In this post, I talked about the performance of the neural network with respect to identifying raccoons, and talked about why color information didn’t work out as I originally planned. Tune in next time when I’ll look at identifying deer and some of the challenges that brings.

Deer Detection Diversion 4 – Neural Network Setup

For those of you following along at home, I’ve been attempting to make a deer detector using a Machine Learning algorithm. In my last post on the topic, I discussed why I wanted to use a neural network to perform the actual machine learning in the project. In that post, I glossed over a lot of the details. In this post, I want to provide a little bit more information about neural networks and how I came to write my own version.

Which Features??

I had been doing a lot of reading about Neural Networks, and how they are useful for various machine learning tasks. More importantly, I knew that they had been used in tasks involving computer vision. One aspect of neural networks really stood out to me as being useful. The hidden layer of the network has the ability to act as a sort of automated feature selector. Put another way, the neural net builds its own set of features when it is learning from examples. This is incredibly useful, since in an earlier post, I spoke about how feature engineering and discovery is really key to get a lot of machine learning algorithms working well.
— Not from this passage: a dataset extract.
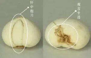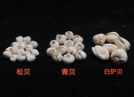松贝,呈类圆锥形或近球形,表面类白色,顶端闭合,有“怀中抱月”(外层鳞叶2瓣大小悬殊,大瓣紧抱小瓣,未抱部分呈新月形);有“观音坐莲”(底部平,微凹入)整体可立于桌面。
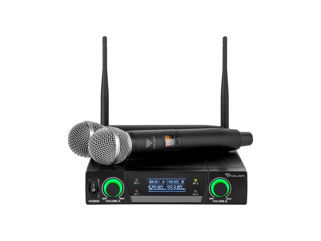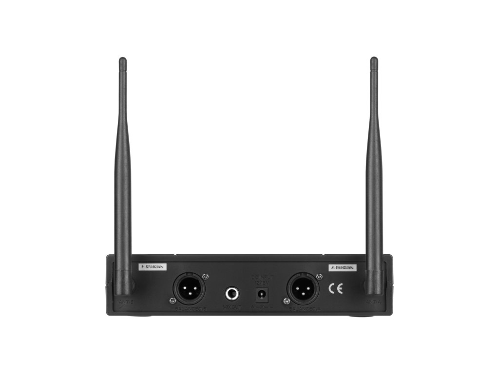 În pachet: receptor, 2x microfon de mână, adaptor de rețea, cablu de 6,3 mm,

Having never undertaken a computer vision task before, I really felt that trying to come up with my own sets of features would be taking me down a proverbial rabbit hole, putting me at risk of getting lost on the web while trying to educate myself to an entire field (something came out of the mirror, and it wasn’t Alice!). As I have learned in the past, it pays more to spend time and dig into the data set and run a few simple tests than it does to embark on feature engineering right off the bat.

Validating the Approach First

To start out, I wrote a small Python program to strip out the pixel data from my pictures, and shove it into a CSV file (oof… very clumsy!). The result was a somewhat portable data set that I could read in just about any language or tool very quickly. My thinking was that I could use the data set to run a few tests to see if I could tune an off-the-shelf neural net implementation to perform somewhat reasonably. The downside was that I couldn’t easily turn the samples back into a set of images without some manual work, making it harder to see what images were causing problems with the machine learning approach.

My first attempt was using R to write a quick and dirty neural network. You can actually do this in about 5 lines of code! I wanted to experiment with various neural network parameters (learning rate, number of iterations, layer sizes, activation functions, etc). However, something was going wrong with my approach – probably in the way I was specifying the features I wanted to use. It would ramp up my CPU to full blast furnace for about 10 minutes, and then error out with a decidedly non-helpful message. After spending a day trying to figure it out (too much time to invest for a simple fact finding mission), I decided to step away to a different tool.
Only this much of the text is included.